Western-Trained Doctors
As a child, Peter Edmund Jones suffered from polio. He also revered his father, who died when he was twelve. He grew up at the Muncey Mission near London, where his father was stationed in the 1840s as a resident Methodist missionary, and later in Brantford, where he attended the Brantford Grammar School. He then attended medical school at the University of Toronto and at what is now Queen’s University. He received his medical degree in 1866, one year before Oronhyatekha.33 Notably, Jones asked that his Indigenous name, Kahkewaquonaby (the same as his father’s), be put on the graduation list.34
Elder Garry Sault, grandson of healer Peter Sault | Courtesy of Mississaugas of the Credit First Nation
His thesis topic was the “Indian medicine man.” Given that much medical literature was dismissive of Indigenous peoples and their “pagan” medical practices, this was a courageous choice.35 Unfortunately, the thesis has not survived, so whether he condoned or condemned Indigenous healing practices is unknown. But given that he later sold Indigenous medicines, he likely had a more balanced view than his non-Indigenous contemporaries. Raised mainly in a non-Indigenous environment, he had helped his mother edit his late father’s diaries and manuscripts, which included details of treatments learned from Indigenous healers.36
Jones began practising medicine in Hagersville, on the edge of the New Credit Reserve, in 1868 or 1869, but he struggled financially because the white community had several doctors, and he likely faced racial prejudice. Indigenous patients couldn’t afford his fees and were required to see the doctor appointed by the New Credit band council and approved by the Department of Indian Affairs.37 To support his family, Jones sold medicines (as did many physicians of the time), likely including medicinal plants harvested by Indigenous herbalists. Jones’ partner and salesman was his cousin Frank G.H. Wilson, son of the Francis Wilson who had died in medical school.38 Other Credit Mississaugas became known as herbalists, including Maungwudaus / George Henry, and Peter Salt / Sault, grandfather of Mississauga Elder Garry Sault, a respected traditionalist.39
Peter Sault was a third-degree Mide [member of the Midewewin or Grand Medicine Society of the Anishinaabek]. He really knew his medicines well. And he sent medicines from a shop on Dundas Street [in Toronto], and he shipped them all over the world. He cured so many people that, when he died, they put “Doctor” in front of his name.

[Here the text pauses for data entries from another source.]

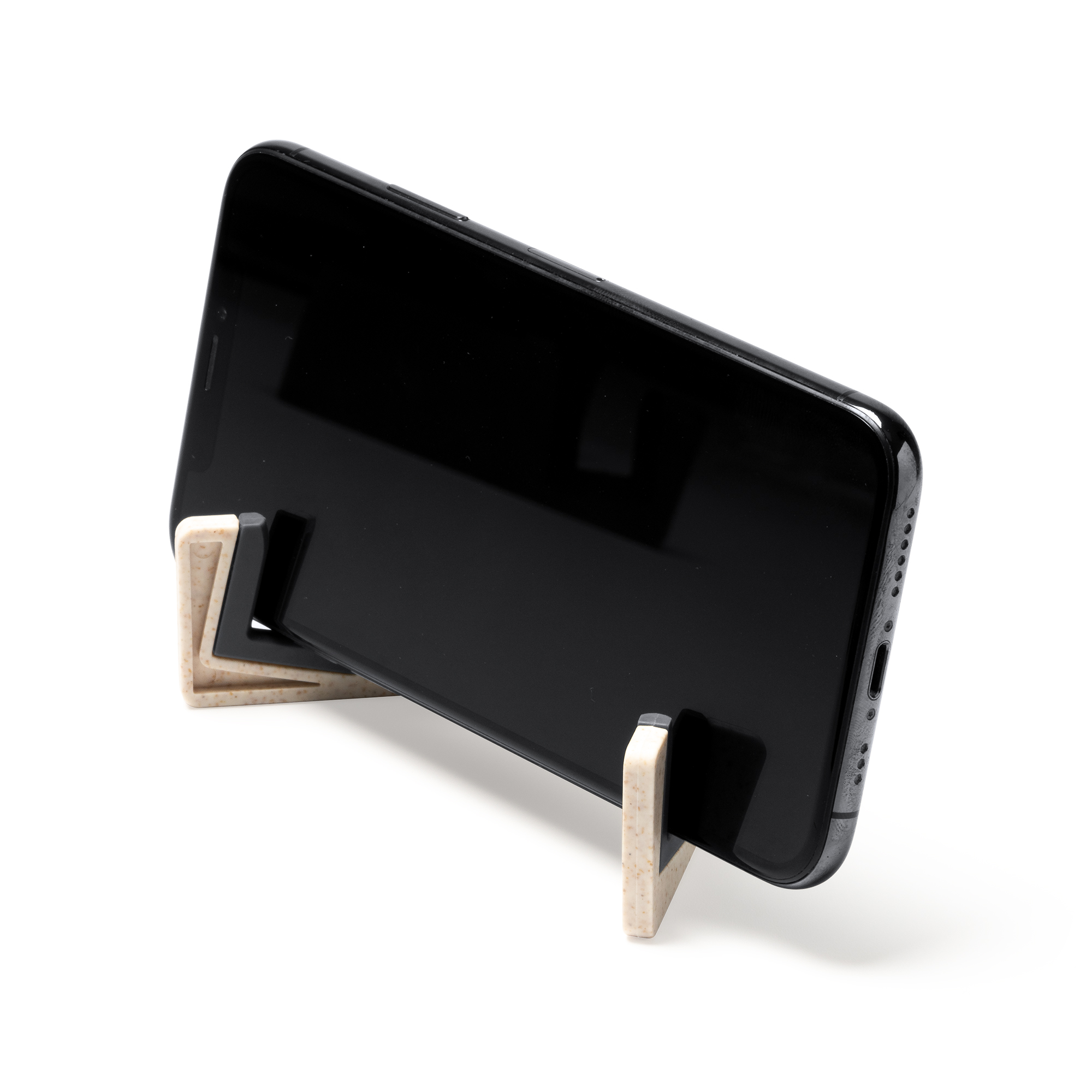 Soporte para móvil plegable realizado en fibra de trigo con bordes superiores antideslizantes. El soporte perfecto para ver lo que desees de una manera más cómoda.
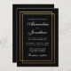 Casamento Geométrico Simples Moderno, Preto e Branco, com Cartão de Convite de Quadros Dourado - Preto
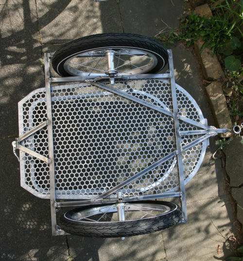 Der Hänger mit Rädern aber ohne Korb ca. 6,5 kg
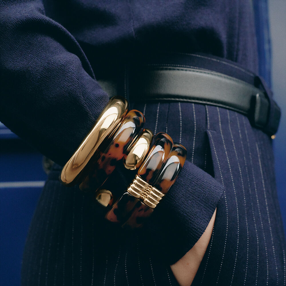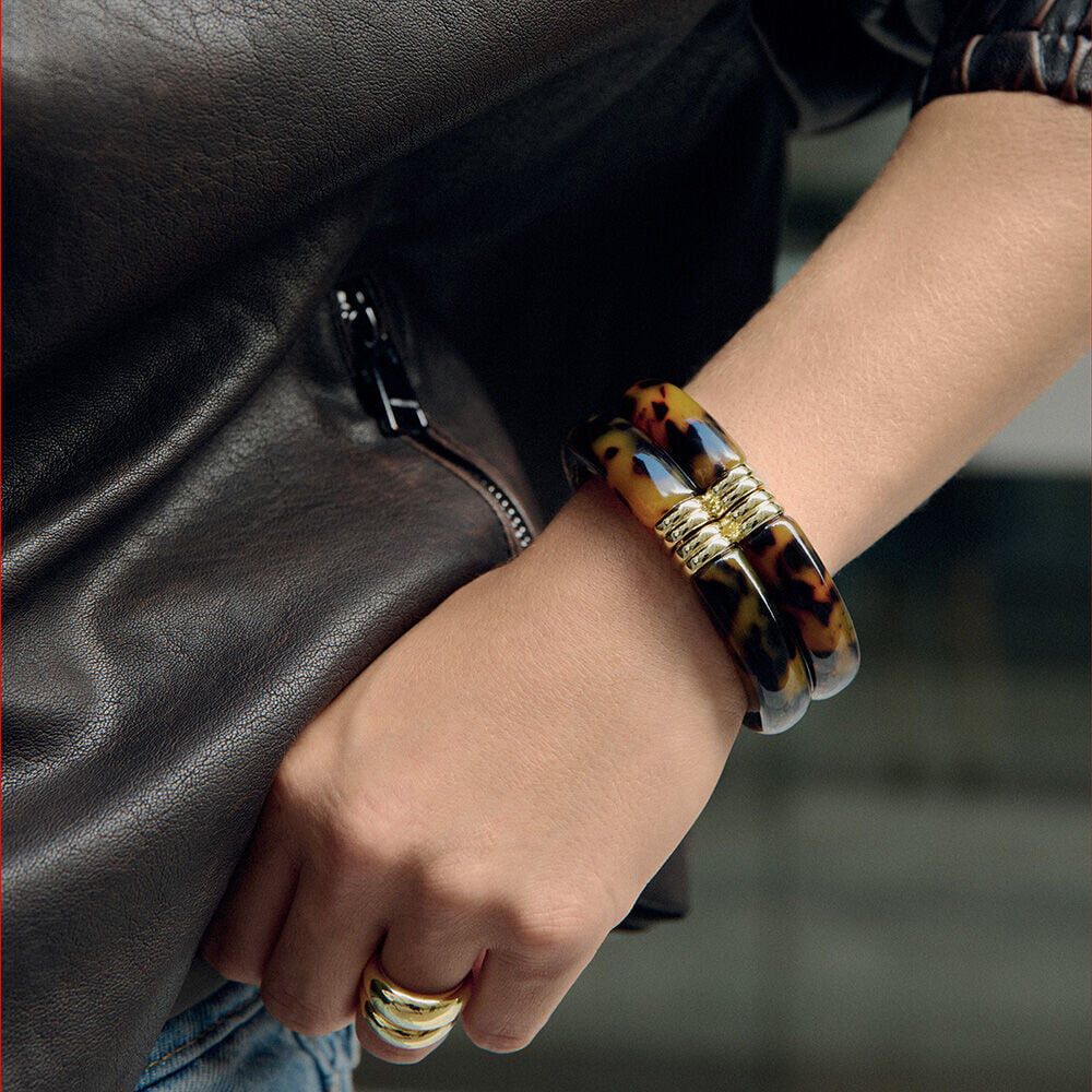 This cuff bracelet from our PALAIS ROYAL collection, designed in Paris, is made from 750/1000th gold-plated brass (18 carats) and acetate. It is hinged for easy slip-on wear. It is available in Bordeaux, Red and Leopard colors.

—Garry Sault, Mississaugas of
the Credit40
Dr. Peter Edmund Jones’ family tree | Victoria Freeman and Ludia (Eun Seon) Bae
Some members of the New Credit Reserve did not recognize Peter Edmund Jones as Indigenous because his mother was a white woman, his father was of mixed Mississauga-British heritage, and he was married to a white woman. But over time, he deepened his ties with the community. He visited his grandmother Tuhbenahneequay often and gained recognition and acceptance from a majority of the residents. Realizing he would never support his family from his practice in Hagersville, Jones began using his Anishinaabe name, Kahkewaquonaby (the same as his father’s), improved his Anishinaabemowin, and became involved in New Credit band affairs (he was still a band member).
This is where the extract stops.